This is cursive letter sent from (by?) a French guy living in Xintien, apparently affiliated with the Jehovah’s Witnesses. We used to get their junk mail decades ago.
They are an exclusionary, cultish, esoteric, end-of-the-world believing, heterodoxical (or heretical) quasi-christian sect with mixed up ideas about life, liberty, religion, society & health.
Of course, they didn’t spell my name right either, which pisses me off. There is no ‘x’ in my name. We are not a cram school either. We’re a language center. We don’t cram anything into anyone’s brain ever. Not vocabulary, not language, and certainly not religion. To add insult to injury, they call me ‘Friend’. I guess they’re being ‘Friendly’.
I’m not sure why they’re sending me spam, though. The writing looks like a girl’s writing, perhaps a teenager. Someone who has been ‘persuaded’ to help by handwriting addresses and mailing them at the post office.
Why do sects like to proselytize? What do they think it brings them? Validation? Security in knowing they’re right? Spiritual upward mobility? LOL! Again, no idea!
But as much as I respect their liberty to believe whatever the f**k they want, I also expect them to respect my space, and stay the f**k away!
I had enough of that nonsense when I was growing up from the ‘Friends’ who saw my Mom’s vulnerabilities, who saw a ‘tool’ they could manipulate (for a while).

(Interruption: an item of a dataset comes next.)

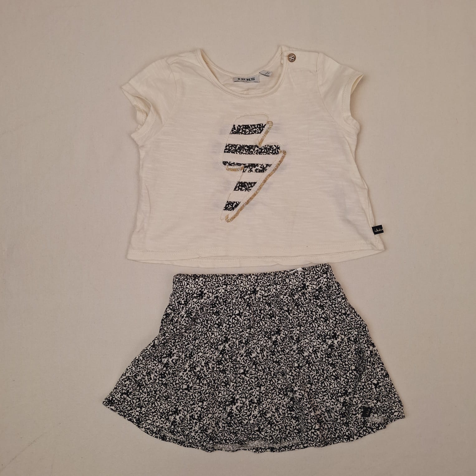 Autres commentaires : Ensemble 2 pièces: -T-shirt blanc à manches courtes, motif foudre, col rond, fermeture par bouton sur l’épaule gauche, 100% coton. – Jupe-short, motif floral rock blanche et noir, 100% viscose.

And, of course, our Mom was never wrong. How could she be? So we followed her to:
- The Wee Free
- Salvation Army
- Baptist Church
- The Plymouth Brethren
- Jehovah’s Witnesses
- Mormon Church
… I can’t remember the other ‘ministers’ who stopped by over the years. But the roster eventually included most of the main brands of Christianity you’d expect in the UK: from the evangelicals to the orthodox Catholics and every shade in between. Well, except perhaps the Unitarians and the Scientologists. (Thank god for that!)
Credentialism run riot with some rather dubious sounding colleges and honorary ‘degrees’, where there is no meeting of minds whatsoever. Just consensualist groupthink.
I suspect though he was like many a young man, lost in his youth, and turned to Christianity as a way out. Of course, he got picked up by the Evangelicals and sought his validation through them by ‘converting’ others. I’m glad for him that he found a way: https://www.henryinstitute.org/henrys-story/ I would not stand in his way, unless he stood in mine.
But his values express not Christianity so much as his own worldview of the times he lived in and the proclivity of older people to be chicken littles. Life was never so good as before or in evangelical terms: we’re all heading to hell sooner than ever.
It’s just a pity that he was so wrapped up in his ‘intellectualism’ that he didn’t realize his worldview was warped by his male/white/upper middle class/conservative upbringing. and that the crisis of truth was merely his own ‘crisis’ at being forced to realize that the world has more stories & povs than the single story that he gave up his intellect to believe. Unfortunately, those narrow-minded values are eagerly taken up by wherever the churches spring up.
But of course, complexity doesn’t win souls nearly as effectively as evangelism. I wouldn’t disagree that people yearn for simpler times, simpler things… and hindsight really offers a simpler version of history that we can ‘believe’. That doesn’t make it right. No matter how you spin the Bible quotes. The use of Bible quotes along with the exhortation that the Bible is infallible word of God is just groupthink for ‘believe me because you need to believe me’.
Sorry, it’s a bit of a ramble but Evangelical crusades by the numerous ‘religions’ that infest Christianity each with its own version of the truth and equal certainty that they (and only they) are right really does my head in. I’d be quite happy to get a JW, LDS, WeFree, Scientologist, … etc. in a room together to see what would happen. It’d be like the Divine Hunger Games.